Экран мигнул мне в лицо окончанием срока оплаченной связи, и я без особого сожаления встал из-за стола. Всё.
Всё произошло, стало ясно и просто, но это ничуть не приглушило тоскливую боль. Есть дело, которое надо сделать, а там уже будет не важно. Я начну новую жизнь. Уеду туда, где меня никто не знает. А, впрочем, зачем? Меня и здесь никто не знает. Глупо считать, что лучше в местах, где нас нет. Мирокрай он един, никуда не денешься.
Посмотрим.
Я вышел на улицу, изрядно согретую пылким весенним зноем. Пройдёт немного времени, он станет летним, если верить календарям и личным биоритмам. Но это потом, сейчас надо дождаться Лёху. Минут через двадцать он должен появится.

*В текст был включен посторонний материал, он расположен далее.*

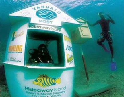 旅行初見:瓦努阿圖對大多數(shù)游客來說比較冷門,但對于潛水愛好者來說,它獨一無二的潛水條件讓人欲罷不能,被譽(yù)為“潛水天堂”。在瓦努阿圖的外島上,在海平面3米以下坐落著一個水下郵局,這是世界上唯一一家水下郵局。這個郵局是一個面積1平方米的鐵質(zhì)小房間,里邊的郵和郵筒一應(yīng)俱全,所投遞的物品只能是從小島入口柜臺上買的防水明信片,還有專門的水下郵差專門收集這些信件。對于潛水客來說絕對是難得的經(jīng)歷了。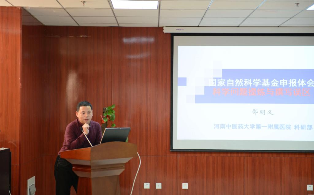 由基础医学院主办的“研究生论坛”讲座于2015年12月31日下午三点在教学实验大楼BS820举行。国家自然科学基金获得者、河南中医学院第一临床医学院科研部邵明义副主任应邀做客论坛并做了题为“国家自然科学基金申报体会——科学问题的提炼与撰写建议”的讲座,讲座由基础医学院高剑峰副院长主持,基础医学院科研骨干教师和研究生60余人聆听了讲座。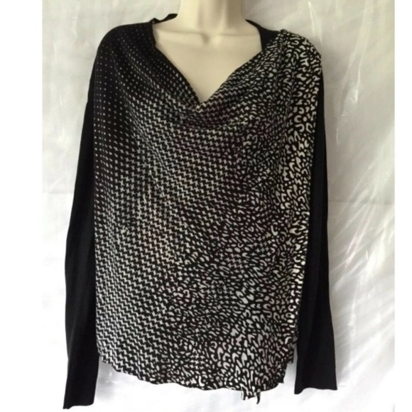 New Directions Sweater PS Black White Cowl Neck Knit Career Modern Chic Artsy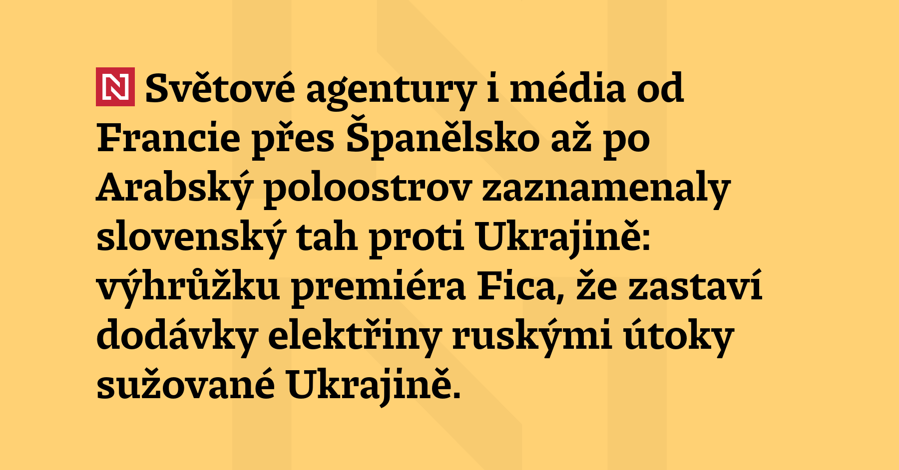 Světové agentury i média od Francie přes Španělsko až po Arabský poloostrov zaznamenaly slovenský tah proti Ukrajině: výhrůžku premiéra Fica, že zastaví dodávky elektřiny ruskými útoky sužované Ukrajině. Slovensko se tak výjimečně dostalo na titulní strany.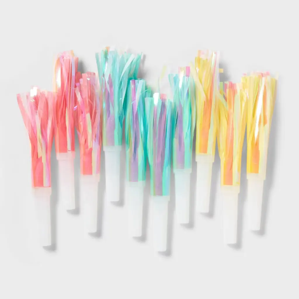 Celebrate your baby's impending arrival with this set of pink and blue gender reveal party confetti wands. Distribute the confetti flutter sticks with the pink or blue confetti to your guests at the start of the party. The silver holographic foil exterior doesn't reveal the color of the confetti inside. Only after your guests remove the caps and fling the tissue paper confetti into the air to create a pink or blue shower will they know that you will be having a boy or girl. These gender-reveal decorations are 0.8 inches in diameter and 13.8 inches long. You will get 12 total confetti wands, 6 with pink confetti and 6 with blue confetti inside.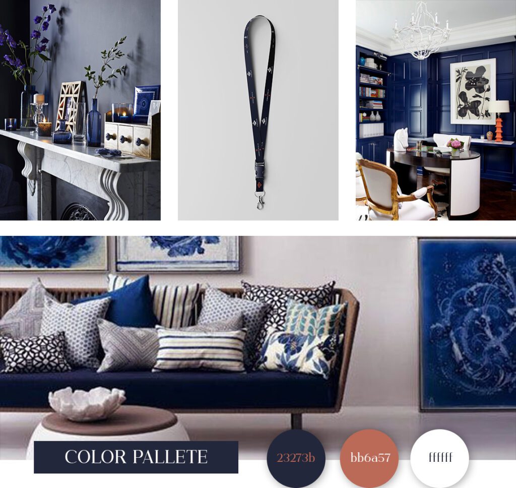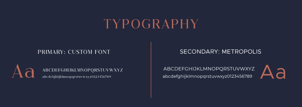 It uses high-end serif font types that exceptionally exude sophistication and complement the overall minimalist design. The color palette is carefully chosen to evoke a sense of luxury, professionalism, and prestige. The primary color is a rich Indigo Blue, symbolizing trust, stability, and integrity. The secondary color is bronze, adding a touch of warmth, luxury and timelessness to the design.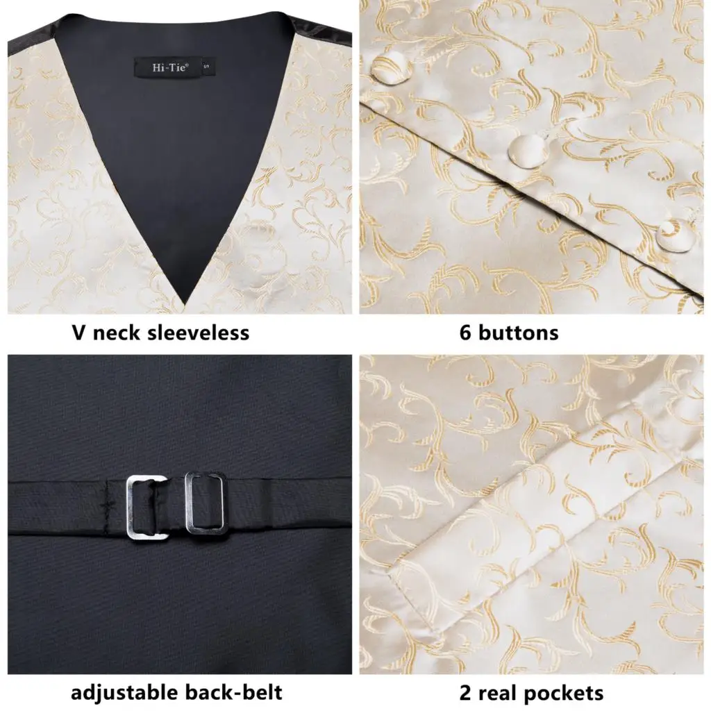Hi-Tie, 100% шелк, цвета слоновой кости, бежевый, шампанского, золотой, мужские жилеты, галстук, платок, запонки, набор, жаккардовый жилет, жилет для мужчин, костюм, платье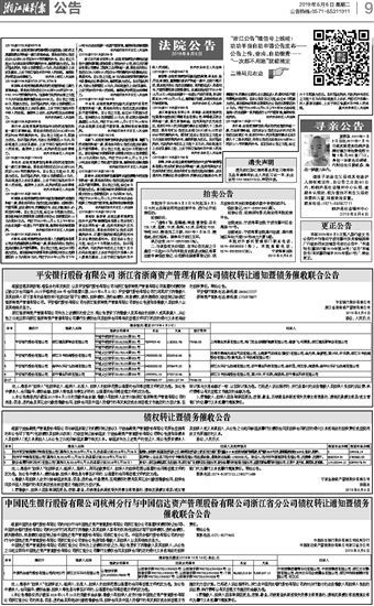 中国民生银行股份有限公司杭州分行与中国信达资产管理股份有限公司浙江省分公司债权转让通知暨债务催收联合公告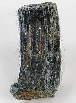 - рибекіт волокнистий (крокідоліт, крокідоліт-азбест — агрегати рибекіту, які складаються з волокнистих індивідів):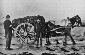 - So eager were the vraic gatherers to obtain all they could that they would sometimes remain on the beach until the carts were floating and the horses swimming; they even carted the precious seaweed on their backs up cliff sides. The traditional vraicing carts, the four-pronged vraicing forks and the vraicing hooks are things of the past.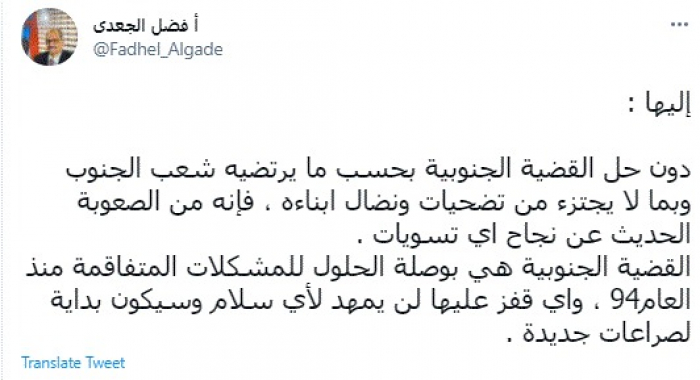 وقال في تغريدة عبر "تويتر" رصدها "المشهد العربي": "دون حل القضية الجنوبية بحسب ما يرتضيه شعب الجنوب وبما لا يجتزء من تضحيات ونضال أبناءه، فإنه من الصعوبة الحديث عن نجاح أي تسويات".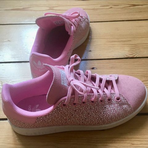 Adidas Stan Smith sneakers i hvid i størrelse 35 1/2. Et fejret sneakerikon, dette low top design med snørelukning, har en glat læderoverdel, prydet med perforerede 3-Stripes. Gummiydersålen giver pålidelig trækkraft, mens OrthoLite® indersålen sikrer komfort. Fra dyre- og røgfrit hjem. Kan afhentes i Brøndbyvester, eller sendes for købers regning. Følg min profil - køb flere stk. og spar porto.
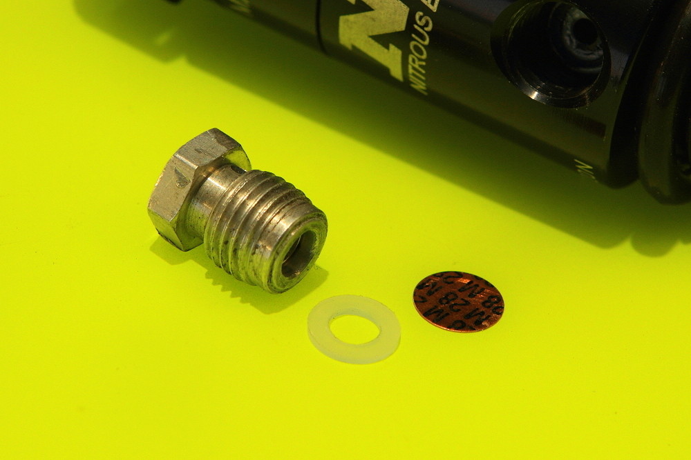 で、セーフティーバルブの仕組みってどうなってるんだ?ということで、セーフティバルブのボルトを抜くとこのような銅の薄い板が挟んでセットされていまして、( 画像は破裂したものではなく新品です )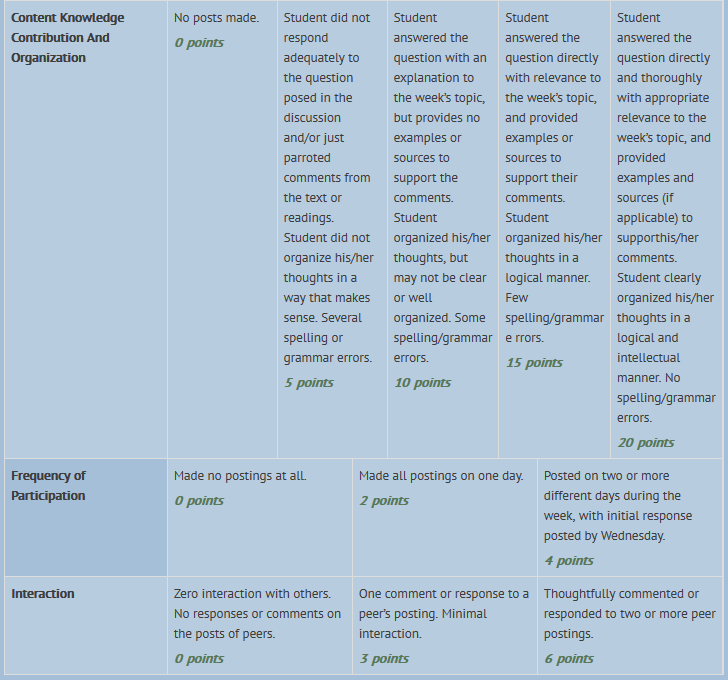 Click here for the Threaded Discussion Grading Rubric for specific grading criteria.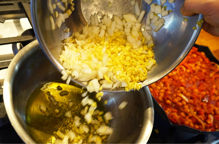 Add 3 cups of cooked chickpeas and cook until lightly browned. Add the 4 finely chopped garlic cloves and cook for another minute or so.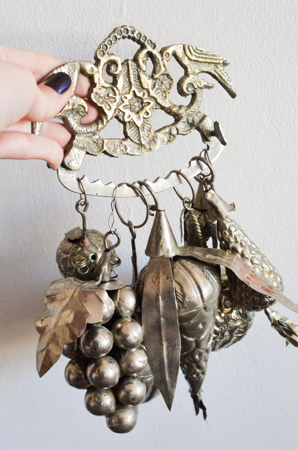 Penca de balangandã com 7 pingentes, feita em metal, contêm alguns sinais de oxidação e um dos pingentes está com um desgaste no banho. | Medidas: 30cm de comprimento x 20cm de largura.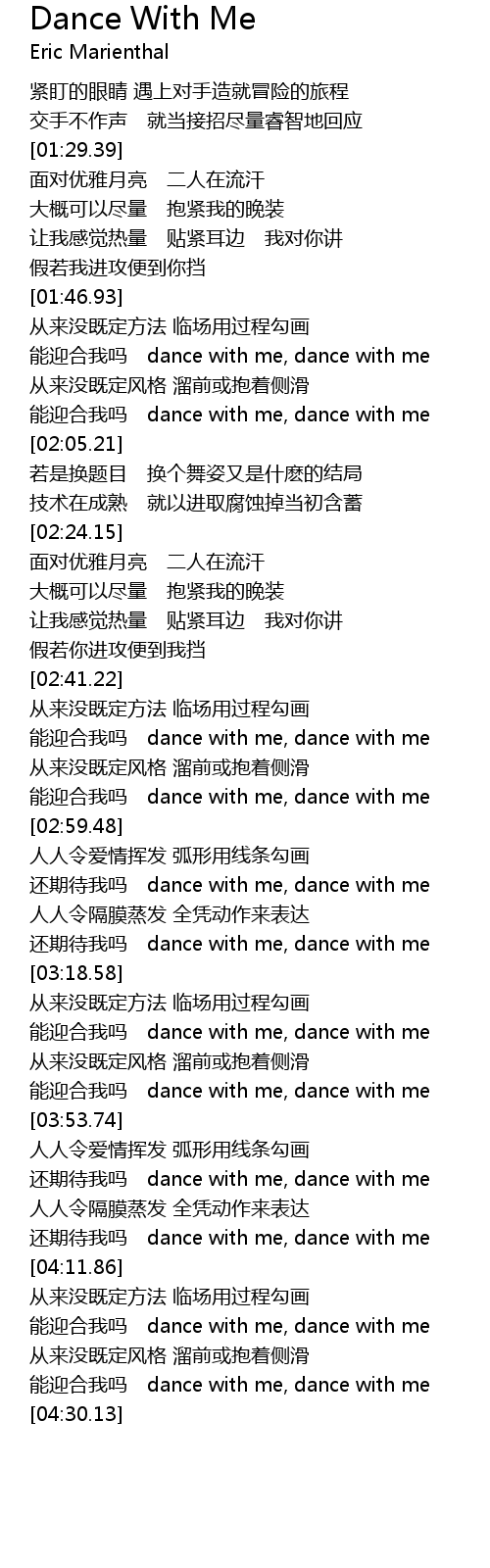 | [03:59.32] | hai qi dai wo ma dance with me, dance with me |

Фонарь и простенькая лавочка под ним стали мне скромным приютом. Вино слегка прогрелось, а хлеб подсох. Но это ничуть не испортило вкуса.
Он подошёл к лавочке, сел рядом. Посмотрел куда-то вдаль, не то на небо, не то дальше.
— Ты точно уверен, что хочешь этого?
— А я не справлюсь.
— С чем? С этим балбесом, который твою Машу напугал?
— Не так всё просто.
Лёха нахмурился и протянул руку. Я передал пакет с вином, и он с наслаждением сделал глоток.
— Да, не просто ты вляпался. Доигрался. Маша не может простить тебе Алёну? Ещё бы, такое простить нелегко. Я тебя знаю, ты усы распустил как котяра, язык на плечо, в глазах гормоны зашкаливают. Шикарная девка, надо! Плевать, что с ребёнком! А вдруг — бац, ударило в голову, и не выдержал, сорвался. Давно ни с кем не спал, вот и вляпался.
— Лёха, ты всё говоришь верно, но не знаешь целой правды. Хочешь меня в грязь втоптать, давай, мне не чем возразить. Кроме того, что формально я ничего ей не обещал.
Лёха так изменился в лице, как будто небо почернело.
— Да нет, постой, если бы я так рассуждал, мы никогда и друзьями бы не были, — быстро добавил я, — Это так, к слову. Мне нет оправдания с той долей правды, которую ты озвучил. И всё это правда. Но правда не до конца.
— Не понимаю.
— Потом поймёшь, и будешь думать иначе.
— Слушай, Тамплиер, ты меня запутал. Ты хочешь, чтобы я поехал и защитил её?
— Безусловно. И чем скорее, тем лучше. Надо остановить того типа, пока он не обидел Машу.
— Да это я понял. Смотри, как я тебя понял.
Он вытащил из-за пазухи плаща розовый прямоугольник билета.
— На самолёт не было, всё равно ждать. Так я поездом. Через три часа уезжаю с Курского.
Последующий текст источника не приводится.